→ Problem details: Print nothing except the lines of the listing below from the line with "After labeling the" to the line with "Στα του αγώνα, ο", each exactly as written, both ends included.

→ Records:
____________________

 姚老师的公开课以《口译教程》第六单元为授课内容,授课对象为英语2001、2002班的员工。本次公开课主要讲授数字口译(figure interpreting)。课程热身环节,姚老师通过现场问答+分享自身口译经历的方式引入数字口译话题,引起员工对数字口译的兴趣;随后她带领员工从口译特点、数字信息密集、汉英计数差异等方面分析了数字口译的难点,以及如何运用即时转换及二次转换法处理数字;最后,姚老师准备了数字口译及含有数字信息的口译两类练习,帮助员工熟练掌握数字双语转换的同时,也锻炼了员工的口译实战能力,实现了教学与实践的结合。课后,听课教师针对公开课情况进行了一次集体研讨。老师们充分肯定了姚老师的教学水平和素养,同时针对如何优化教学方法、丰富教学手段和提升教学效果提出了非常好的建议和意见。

____________________

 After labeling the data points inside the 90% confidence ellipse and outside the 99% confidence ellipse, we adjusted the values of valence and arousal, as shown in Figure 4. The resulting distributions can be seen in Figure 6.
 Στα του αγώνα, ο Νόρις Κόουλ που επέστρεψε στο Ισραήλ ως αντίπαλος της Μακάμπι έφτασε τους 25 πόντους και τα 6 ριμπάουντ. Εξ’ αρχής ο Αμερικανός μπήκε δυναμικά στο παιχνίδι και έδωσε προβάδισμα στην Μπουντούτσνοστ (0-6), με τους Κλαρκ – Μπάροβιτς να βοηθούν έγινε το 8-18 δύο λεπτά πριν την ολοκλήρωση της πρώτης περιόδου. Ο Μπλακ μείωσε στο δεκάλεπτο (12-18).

____________________

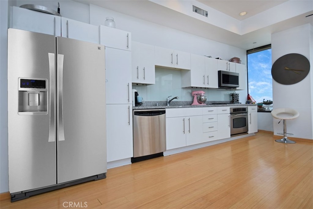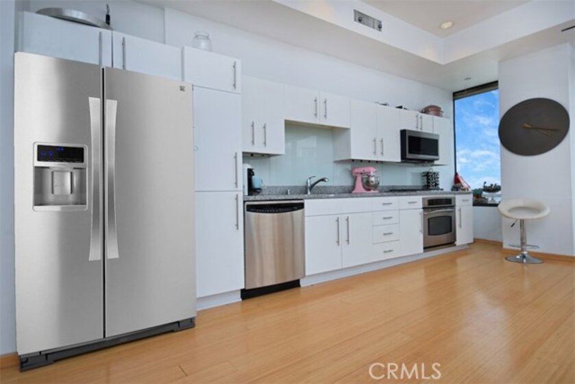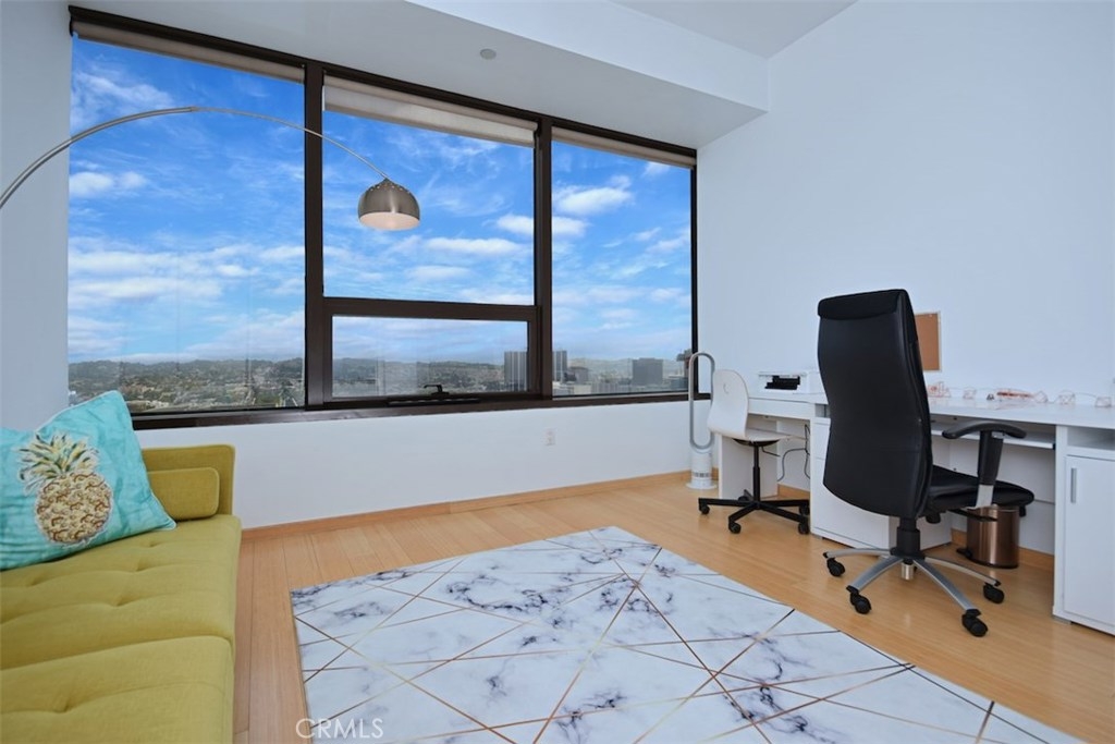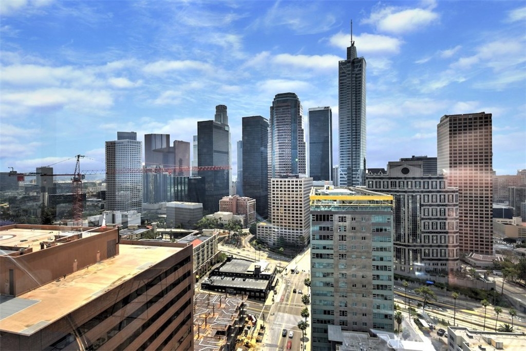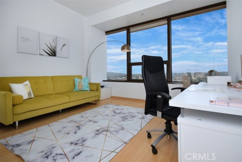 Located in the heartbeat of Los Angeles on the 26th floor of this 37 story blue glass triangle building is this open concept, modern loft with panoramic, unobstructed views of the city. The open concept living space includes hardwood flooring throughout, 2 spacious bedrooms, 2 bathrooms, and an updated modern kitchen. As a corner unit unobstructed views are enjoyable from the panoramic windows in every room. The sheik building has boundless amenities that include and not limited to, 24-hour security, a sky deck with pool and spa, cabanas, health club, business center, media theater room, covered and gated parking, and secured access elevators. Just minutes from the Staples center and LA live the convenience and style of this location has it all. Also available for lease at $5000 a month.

____________________

→ Response:
 After labeling the data points inside the 90% confidence ellipse and outside the 99% confidence ellipse, we adjusted the values of valence and arousal, as shown in Figure 4. The resulting distributions can be seen in Figure 6.
 Στα του αγώνα, ο Νόρις Κόουλ που επέστρεψε στο Ισραήλ ως αντίπαλος της Μακάμπι έφτασε τους 25 πόντους και τα 6 ριμπάουντ. Εξ’ αρχής ο Αμερικανός μπήκε δυναμικά στο παιχνίδι και έδωσε προβάδισμα στην Μπουντούτσνοστ (0-6), με τους Κλαρκ – Μπάροβιτς να βοηθούν έγινε το 8-18 δύο λεπτά πριν την ολοκλήρωση της πρώτης περιόδου. Ο Μπλακ μείωσε στο δεκάλεπτο (12-18).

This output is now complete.